For Hp-UX only below command worked for me:
TZ=aaa24 date +%Y%m%d
you can use it as :
ydate=`TZ=aaa24 date +%Y%m%d`
echo $ydate
If you have access to python, this is a helper that will get the yyyy-mm-dd date value for any arbitrary n days ago:
function get_n_days_ago {
local days=$1
python -c "import datetime; print (datetime.date.today() - datetime.timedelta(${days})).isoformat()"
}
# today is 2014-08-24
$ get_n_days_ago 1
2014-08-23
$ get_n_days_ago 2
2014-08-22
$var=$TZ;
TZ=$TZ+24;
date;
TZ=$var;
Will get you yesterday in AIX and set back the TZ variable back to original
Though all good answers, unfortunately none of them worked for me. So I had to write something old school. ( I was on a bare minimal Linux OS )
$ date -d #$( echo $(( $(date +%s)-$((60*60*24)) )) )
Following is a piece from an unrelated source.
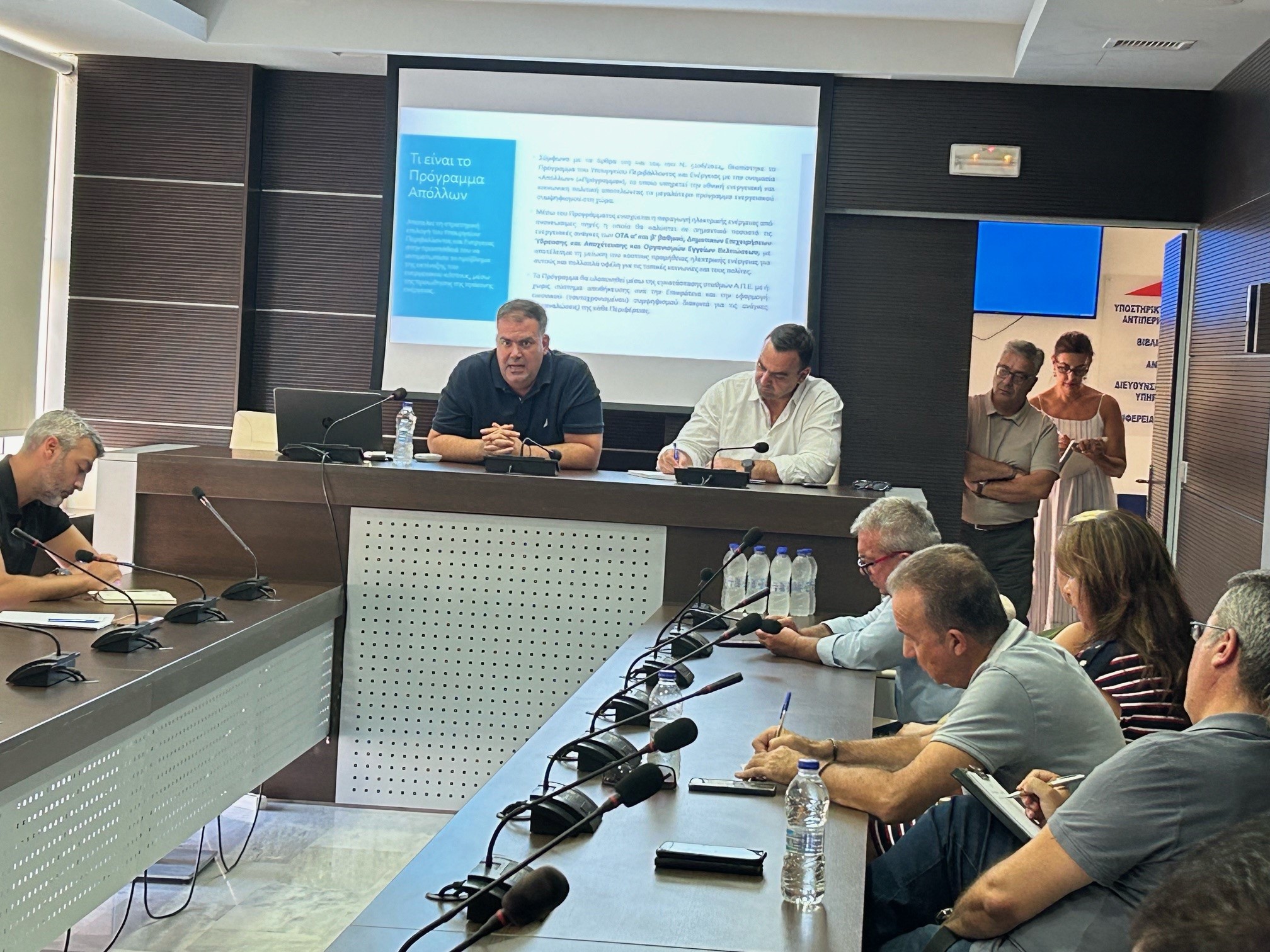 Η συνάντηση εντάσσεται στο πλαίσιο υλοποίησης του προγράμματος «Απόλλων», το οποίο όπως αναφέρθηκε, «αποτελεί το μεγαλύτερο πρόγραμμα ενεργειακού συμψηφισμού στη χώρα και υπηρετεί την εθνική ενεργειακή και κοινωνική πολιτική».

You can combine this with date's usual formatting. Eg.
$ date -d #$( echo $(( $(date +%s)-$((60*60*24)) )) ) +%Y-%m-%d
Explanation :
Take date input in terms of epoc seconds ( the -d option ), from which you would have subtracted one day equivalent seconds. This will give the date precisely one day back.